»»
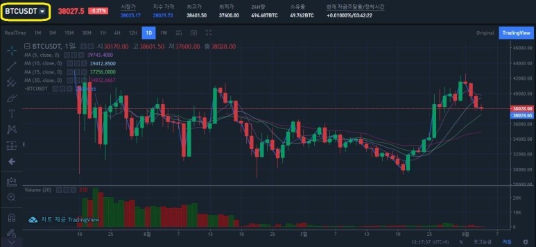 그러면 매매화면에서 들어와있는 상태 그대로일건데요. 좌측상단에 BTCUSDT로 코인 선택이 잘 되어있는지 다시 한 번 확인해봅니다. BTCUSD는 다른 거래이니까 이것저것 건드리다가 틀리지 않게 주의하시기 바랍니다.
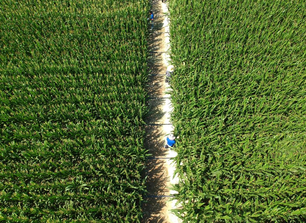 2月10日,在三亚市崖州湾科技城,隆平生物技术(海南)有限公司的科研人员在科研玉米地里工作(无人机照片)。(新华社记者 赵颖全 摄)
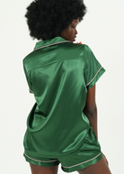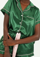 Indulge yourself in our luxuriously silky and oh so buttery soft Forest Green Satin Pajamas. Lovingly detailed with deep pockets, adorable buttons, and an extra stretchy drawstring waistband for the ultimate comfort experience.
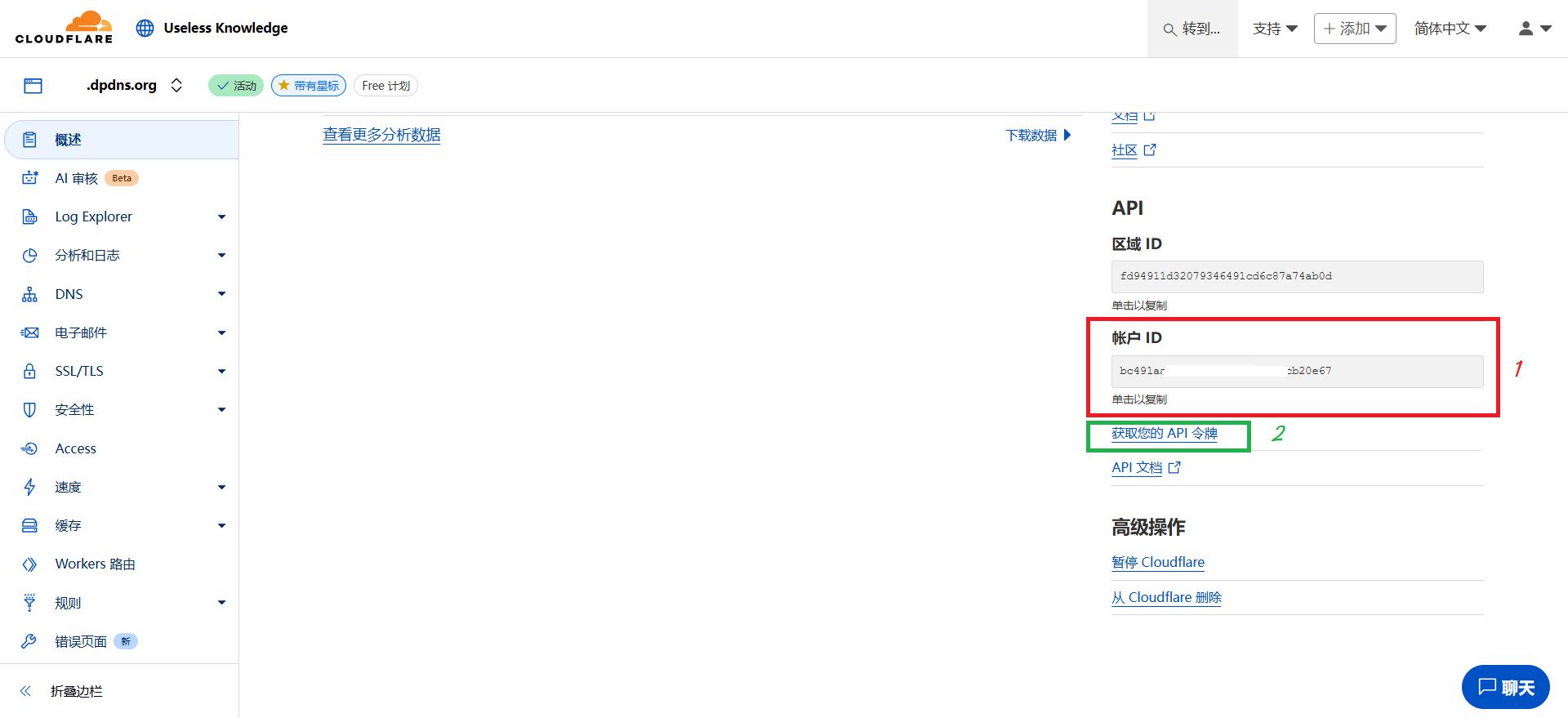 - 获取账户 ID :【Cloudflare 帐户主页】→【域名】→【帐户 ID】
««
Work task: Once the pictures are set aside, output the whole listing exactly.

Exercise output:
 그러면 매매화면에서 들어와있는 상태 그대로일건데요. 좌측상단에 BTCUSDT로 코인 선택이 잘 되어있는지 다시 한 번 확인해봅니다. BTCUSD는 다른 거래이니까 이것저것 건드리다가 틀리지 않게 주의하시기 바랍니다.
 2月10日,在三亚市崖州湾科技城,隆平生物技术(海南)有限公司的科研人员在科研玉米地里工作(无人机照片)。(新华社记者 赵颖全 摄)
 Indulge yourself in our luxuriously silky and oh so buttery soft Forest Green Satin Pajamas. Lovingly detailed with deep pockets, adorable buttons, and an extra stretchy drawstring waistband for the ultimate comfort experience.
 - 获取账户 ID :【Cloudflare 帐户主页】→【域名】→【帐户 ID】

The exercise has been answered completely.